The city’s underbelly was quiet tonight, for once. Streetlights flickered weakly, the air thick with smog and the faint scent of rain. Dabi walked with his hands shoved into his pockets, blue eyes half-lidded and distant. His coat hung loosely around his frame, the collar pulled high against the chill. He wasn’t looking for trouble tonight — not that it mattered. Trouble always found him anyway.
He was halfway past a dark alley when he noticed it — a soft glow cutting through the grime and shadows. It wasn’t the harsh flash of neon or the gleam of a lighter. It was… warm. Gentle. He paused, head tilting slightly. “Weird.” Against his better judgment, he stepped closer, boots clicking softly against the wet pavement. The glow came from a heap on the ground — feathers. White, iridescent feathers, tinged faintly with gold. He frowned. “What the hell?”

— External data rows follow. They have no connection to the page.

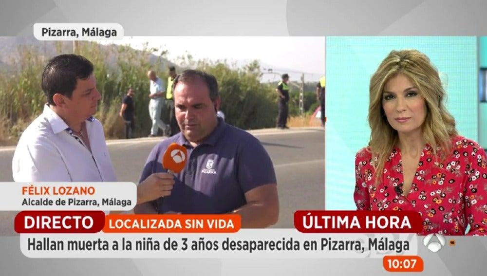 Hallan sin vida a la niña de 3 años desaparecida en Pizarra, Málaga. La han encontrado a 7km, entre Pizarra y Álora, después de una búsqueda activa de más de 600 personas, una batida de todo el pueblo durante toda la noche. 'Espejo Público' habla con Félix Lozano, alcalde de Pizarra, en el punto donde han encontrado a la niña.
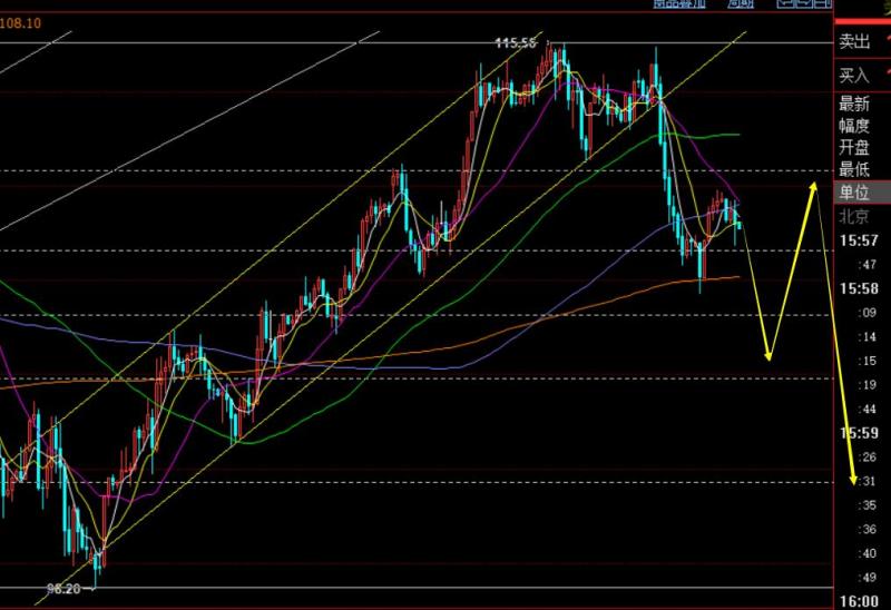 原油方面,周线上周收报一根较长下影十字长,而本周一直接续涨,这样的上拉往往动能不足,容易掉下来,周二和周三坚持以高空思路对待,多次挂空都差一点距离未打进去,昨晚EIA库存数据公布利多无法上冲,和预想一致,果断112.3追空,最低下跌至107.5,一波500点利润空间,一个晚上就可以得到,这就是原油的刺激感,但风控一定要做好;今日早盘提示110.5处存在短期压制,它是隔夜跌幅反抽382分割压力,大幅下跌走弱后,一般382会首当其冲压制一次,接下来欧盘就看能否破位今日早盘107.5低点,一旦失守,下方支撑就关注105-104.8(618分割位置),会有一定买盘支撑,稳定可考虑反手短多,但最终拉升一波后,还会掉头向下,去试探近期慢反复上行通道的下轨位置100.5处,也是波段空的最终落点,同时具备反手波段多的条件,这是按06合约来报价; 因此,短期阻力110.5和112,短期支撑107.5、105,强支撑100.5,这几个都是后续的关键所在;
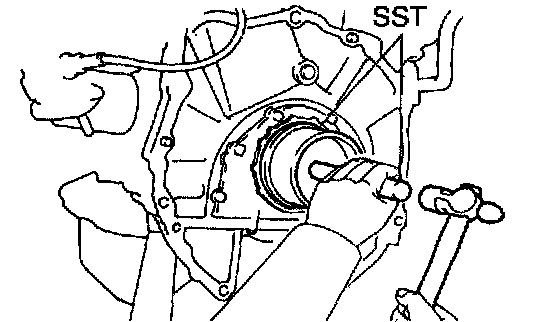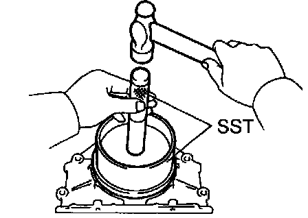 4. Using SST and a hammer, tap in the oil seal until its surface is flush with the rear oil seal retainer edge.
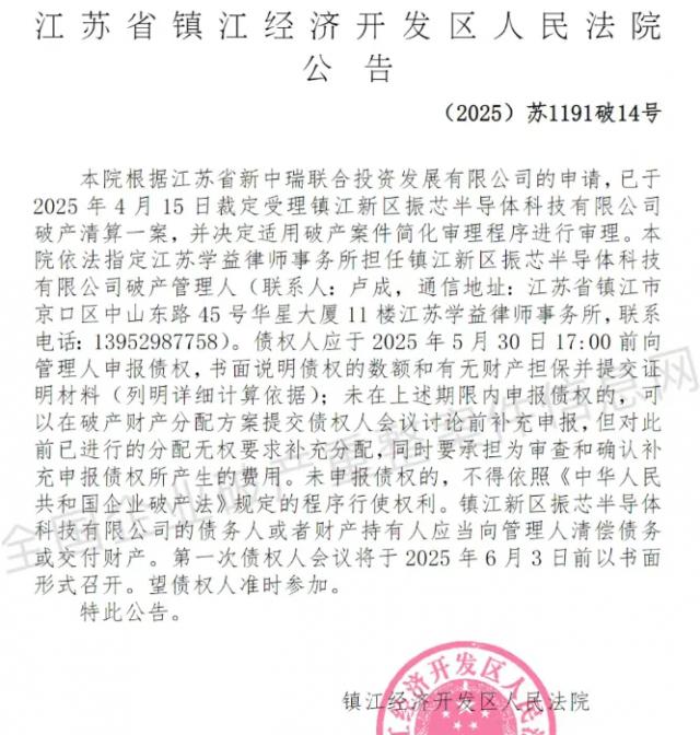 电子发烧友网综合报道。 近日,江苏省镇江经济开发区人民法院宣布,镇江新区振芯半导体科技有限公司破产清算案正式受理。
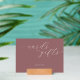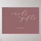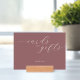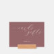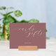 This wedding tabletop sign features a minimalist design with a solid mauve background and elegant cursive typography that reads "cards and gifts," followed by a simple "THANK YOU" in all caps. The layout is clean and modern, emphasizing sophistication through its use of off-white text on a muted backdrop. Perfect for expressing gratitude at your event, this sign combines understated style with a warm tone, making it an ideal addition to any wedding celebration.
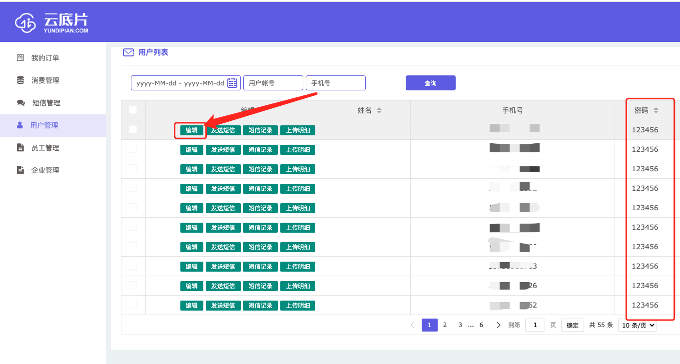 如果用户密码短信丢失,可以登录云底片后台进入用户管理内,有两种方式获取密码: 1、列表页可以直接看到密码2、点击编辑,可以重置此用户的密码 作者:宋德美 创建时间:2023-09-28 14:21最后编辑:宋德美 更新时间:2025-04-21 10:05
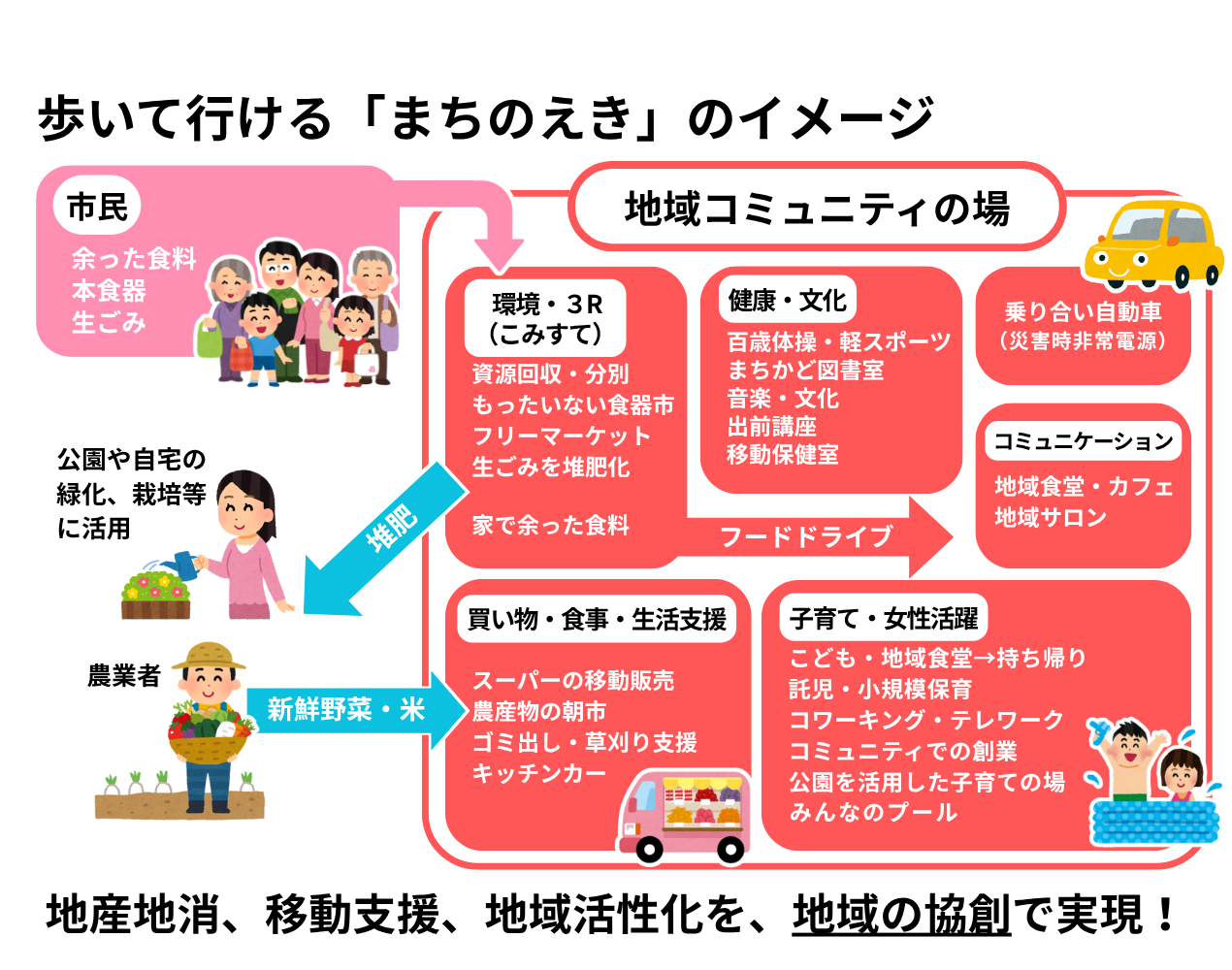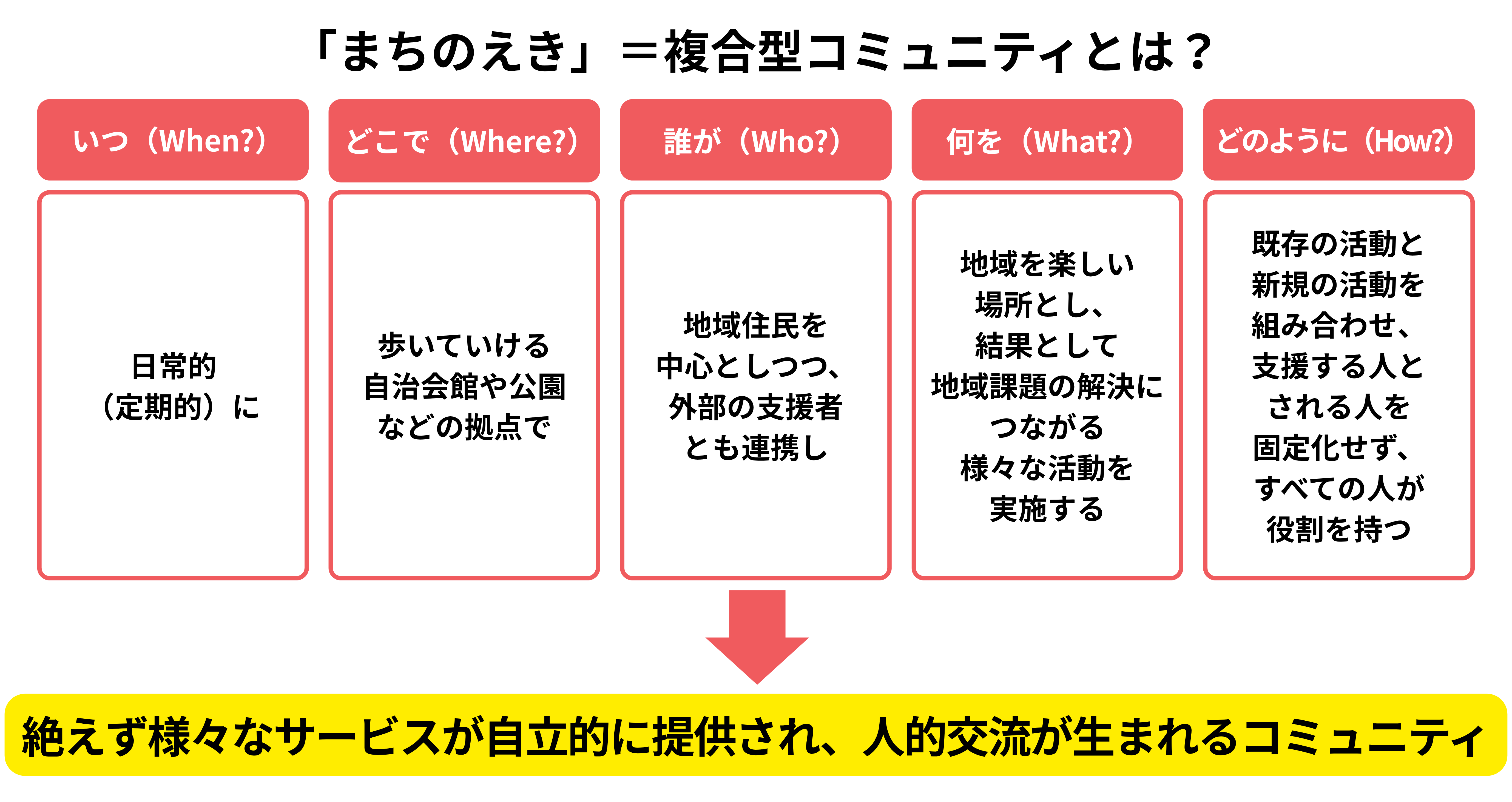 複合型コミュニティ(まちのえき)とは、地域の人が歩いて集える自治会の集会所や公園などの地域拠点を活用し、住民が主体となって様々な取組・サービスを複合的に展開する、地域の交流拠点です。

He crouched down, and the pile moved. The feathers shifted, revealing torn wings — and beneath them, a body. Not a corpse, not quite. The faint rise and fall of their chest told him they were still breathing. An angel. Or something close to it. Dabi stared for a moment longer than he meant to, cigarette forgotten between his fingers. He didn’t think — he never did when it came to weird things. He just acted. Before long, the stranger was lying on his couch, wrapped haphazardly in gauze and a borrowed blanket.
Now, Dabi sat by the open window, smoke curling lazily around his head as he stared at them — the angelic figure bathed in moonlight, their wings twitching faintly even in sleep. He scoffed quietly, flicking ash into the tray beside him. “Great,” he muttered. “Guess I’m babysitting heaven’s dropout tonight.”